* _Assigned task_
Copy out every line of the material below, character for character, apart from the pictures.

* _Dataset section_
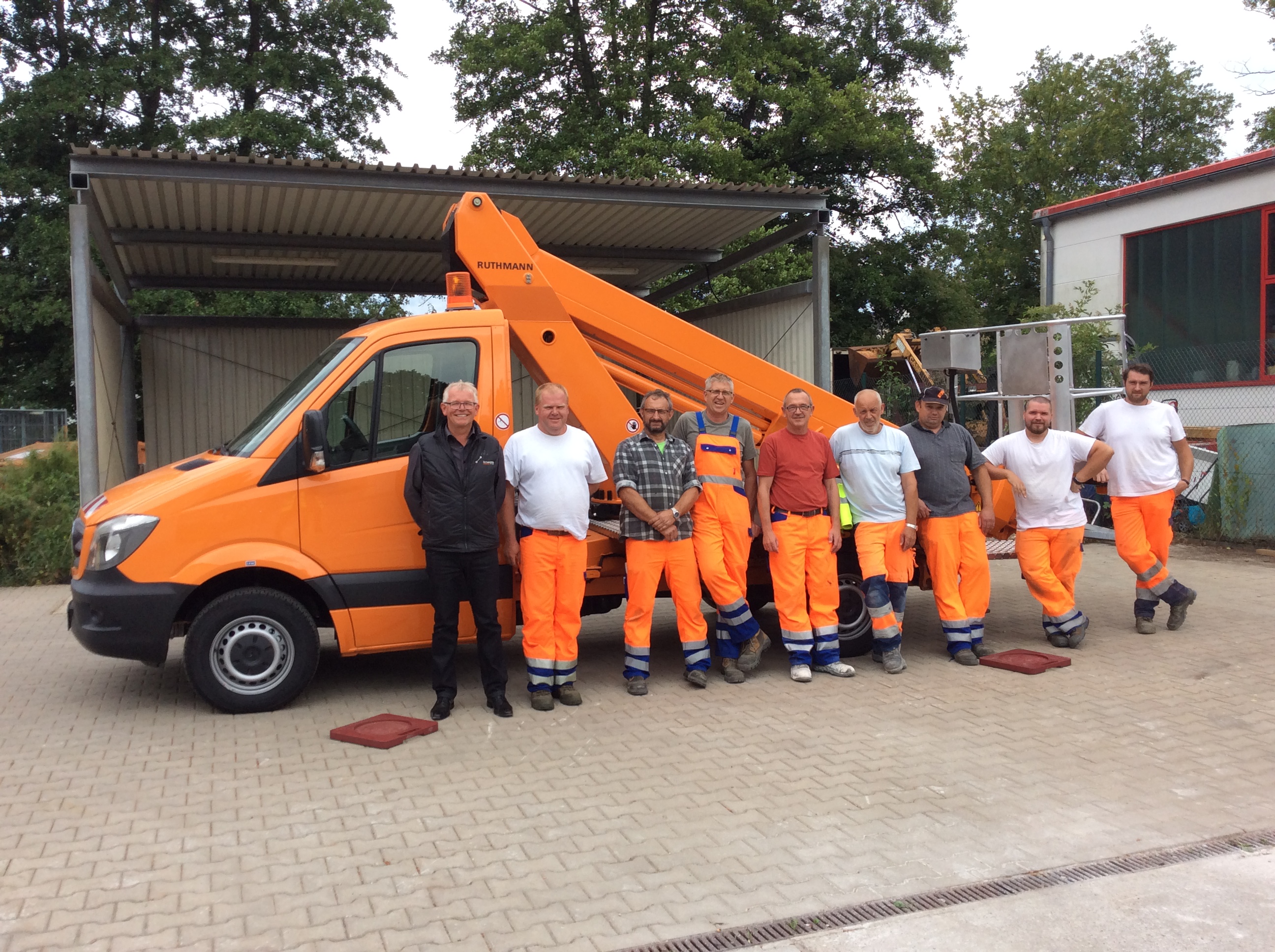 Günter Fuchs, Gebietsverkaufsleiter Süd-Ost bei Ruthmann, hat den STEIGER® TB 220 an die Mitarbeiter übergeben und diese ausführlich auf das Gerät eingewiesen.
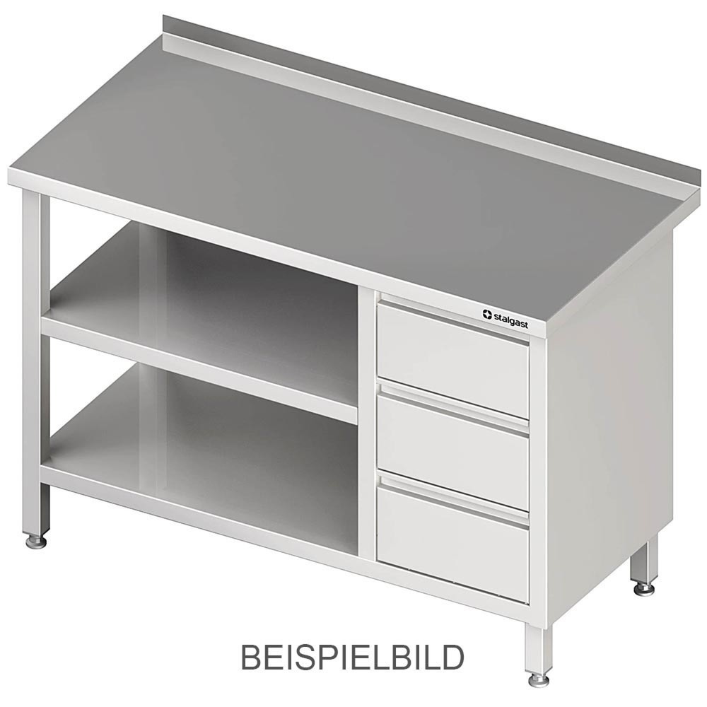 Stalgast Arbeitstisch mit Grund- und Zwischenboden, 2700x700x850 mm, mit 3er Schubladenblock links, ohne Aufkantung, verschweißt
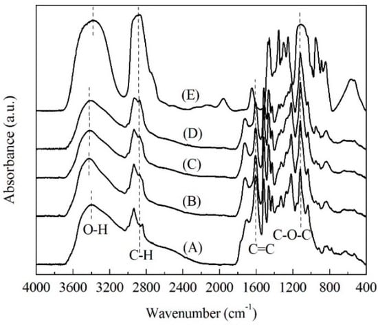 FTIR spectra of soda lignin (A) and modified soda lignin with PEG-400 at various weight ratios (B) of 1:2; (C) 1:3; (D) 1:4 and PEG-400 (E).
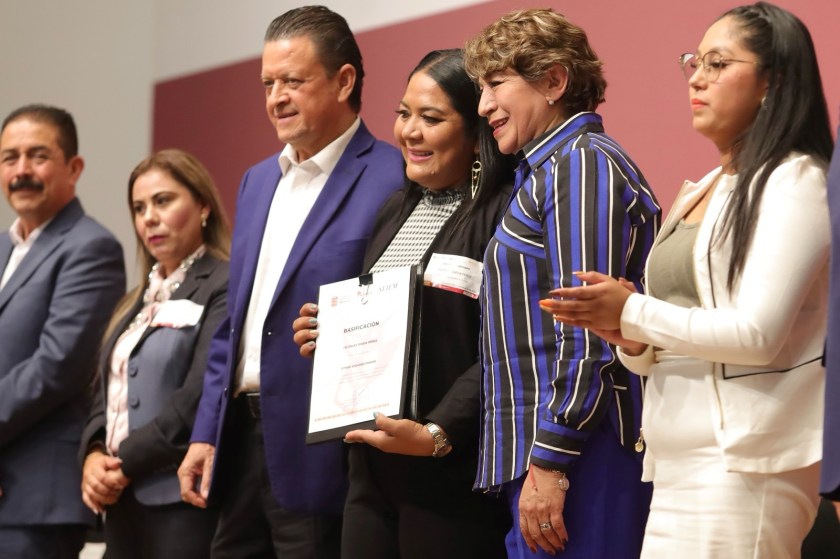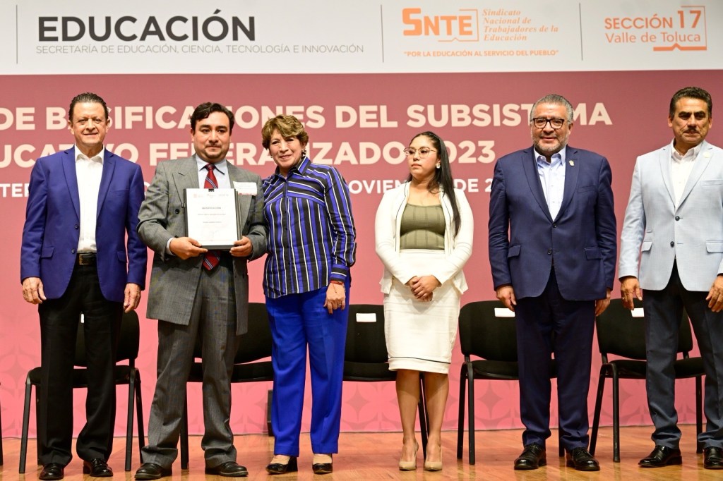 La gobernadora Delfina Gómez reconoció que, gracias a la labor del presidente de la República, Andrés Manuel López Obrador, realizada de manera conjunta con los tres órdenes de gobierno y sindicatos, se ha logrado dar certeza laboral a las y los maestros.

* _Answer for this exercise_
 Günter Fuchs, Gebietsverkaufsleiter Süd-Ost bei Ruthmann, hat den STEIGER® TB 220 an die Mitarbeiter übergeben und diese ausführlich auf das Gerät eingewiesen.
 Stalgast Arbeitstisch mit Grund- und Zwischenboden, 2700x700x850 mm, mit 3er Schubladenblock links, ohne Aufkantung, verschweißt
 FTIR spectra of soda lignin (A) and modified soda lignin with PEG-400 at various weight ratios (B) of 1:2; (C) 1:3; (D) 1:4 and PEG-400 (E).
 La gobernadora Delfina Gómez reconoció que, gracias a la labor del presidente de la República, Andrés Manuel López Obrador, realizada de manera conjunta con los tres órdenes de gobierno y sindicatos, se ha logrado dar certeza laboral a las y los maestros.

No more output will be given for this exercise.